§ WORK TO COMPLETE
Exactly retype the lines from the top of the data through the line containing "- Pour half", leaving out every picture.

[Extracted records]
------------------------------------------------------------------------
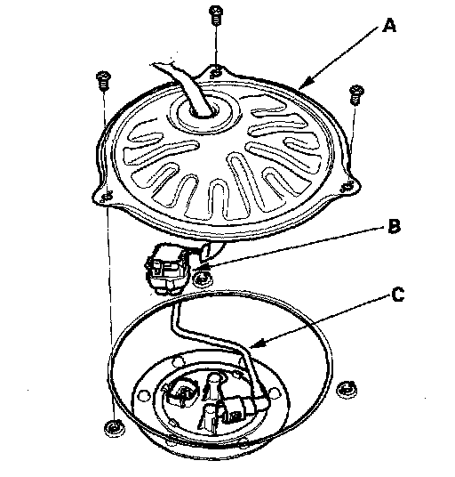 8. Remove the strainer case (A), the fuel gauge sending unit (B), and the wire harness (C).
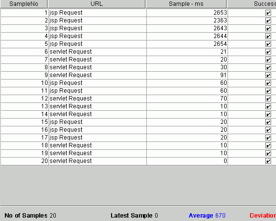 2. 你可以设置界面上面的filename属性设置将测试结果保存到某个文件中界面下面将使用表格显示测试结果,表格的第一列sampleno显示请求执行的顺序和编号,url显示请求发送的目标,sample-ms列显示这个请求完成耗费的时间,后的suclearcase/" target="_blank" >ccess列显示改请求是否成功执行。界面的下面你还可以看到一些统计信息,关心的应该是Average吧,也是相应的平均时间。
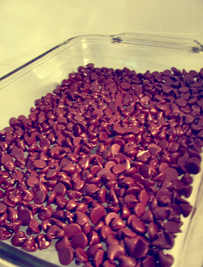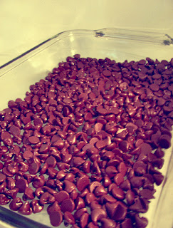 - Pour half the bag of chocolate/carob chips into a microwaveable flat glass container evenly, so all parts of the container are covered.
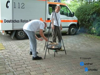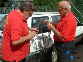 Als Programm waren 3 Aufgaben pro Gruppe vereinbart. Nach dem Aufbau und der Begrüßung starteten wir mit einem gemütlichen Grillen, Essen hält ja bekanntlich Leib und Seele zusammen. Essen und Trinken war von der DRK Gruppe organisiert. Danach hatte sich dann auch der kurze Regen verzogen und die Aufgaben in der freien Natur konnten beginnen. Die Freunde vom DRK fuhren Schlepper und das Spaßmobil "Wilde Emma", dabei wurden sie jeweils von einem unserer Mitglieder unterstützt. Jetzt konnte es kommen wie es wollte, alle anderen Aufgaben waren für die Halle vorgesehen. Aus zeitlichen Gründen wurden die Aufgaben, die vom DRK vorgesehen waren, gekürzt und sollten aber nachgeholt werden. auch fachliches lies sich nicht vermeiden, so wurde auch der angebrannte Kabelbaum eines Mähdreschers untersucht. Aufgaben von der Historischen Landtechnik Rheinhessen Aufgaben von der DRK EKV Spassverlosung |
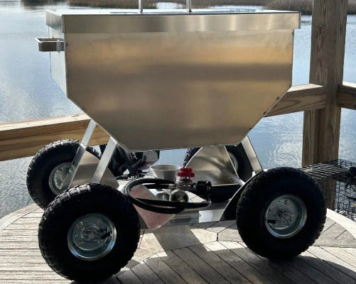 Our Wheeled Classic Cooker is designed for optimum performance for a perfectly steamed batch of shellfish every time. Pneumatic tires make it it perfect to load on the boat and drop on the sandbar for easy transportation.
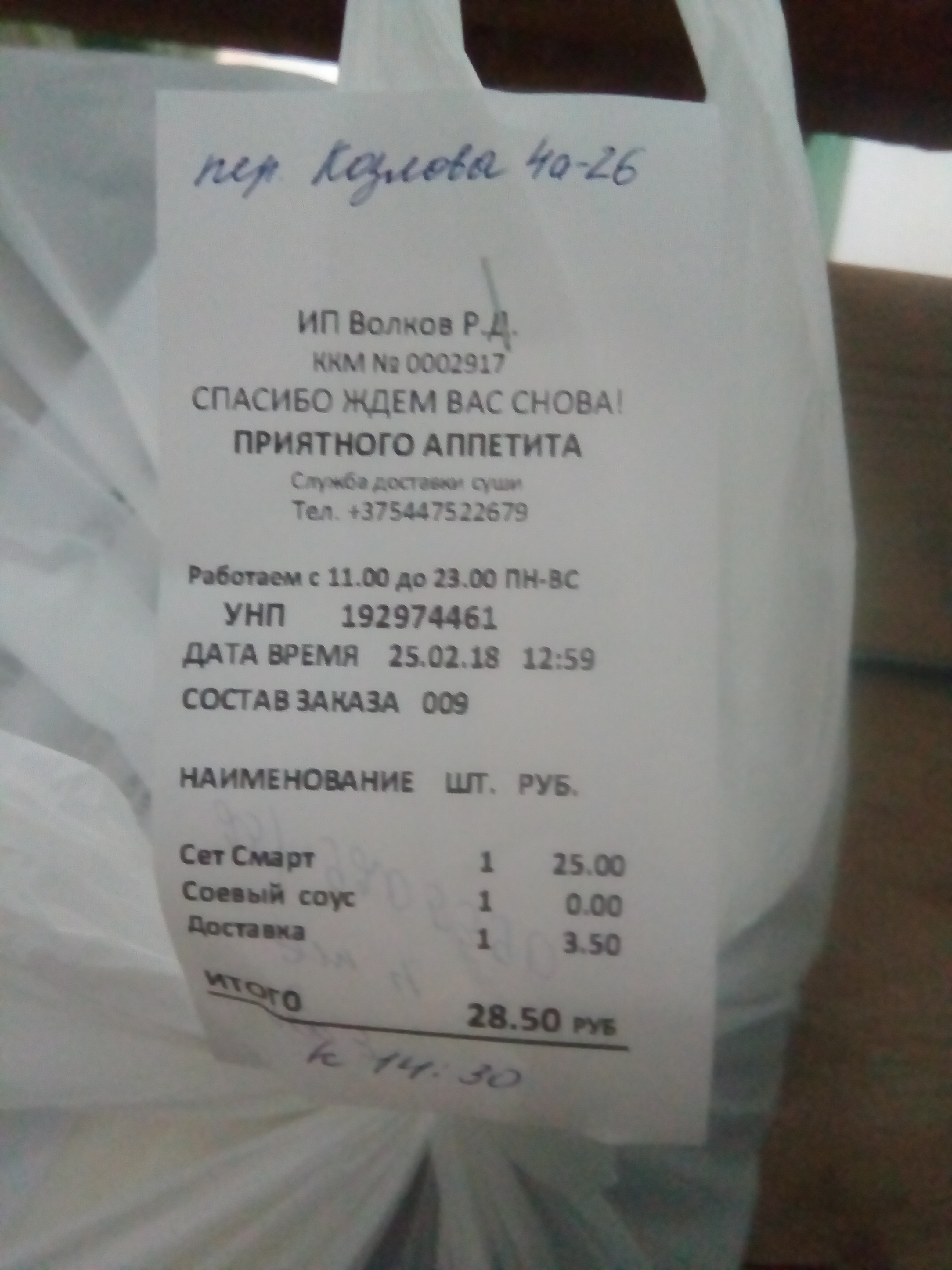 Тоже покупал 25.02.2018, но поскольку забирал сам, никаких вопросов не возникло. К оговоренному времени всё было готово. Суши понравились, в подарок положили имбирь и дополнительно 8 каких-то маленьких суши. Заказывал сет филадельфия микс
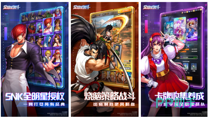 全明星激斗游戏里的角色大家应该都很眼熟,全都是侍魂、拳皇、饿狼传说等游戏中的角色,玩家们可以抽卡得到这些SNK公司旗下的角色,并控制这些角色与很多反派敌人对战,喜欢日本游戏的玩家们赶紧来下载吧。
------------------------------------------------------------------------
§ RESULT OF THE EXERCISE
 8. Remove the strainer case (A), the fuel gauge sending unit (B), and the wire harness (C).
 2. 你可以设置界面上面的filename属性设置将测试结果保存到某个文件中界面下面将使用表格显示测试结果,表格的第一列sampleno显示请求执行的顺序和编号,url显示请求发送的目标,sample-ms列显示这个请求完成耗费的时间,后的suclearcase/" target="_blank" >ccess列显示改请求是否成功执行。界面的下面你还可以看到一些统计信息,关心的应该是Average吧,也是相应的平均时间。
 - Pour half the bag of chocolate/carob chips into a microwaveable flat glass container evenly, so all parts of the container are covered.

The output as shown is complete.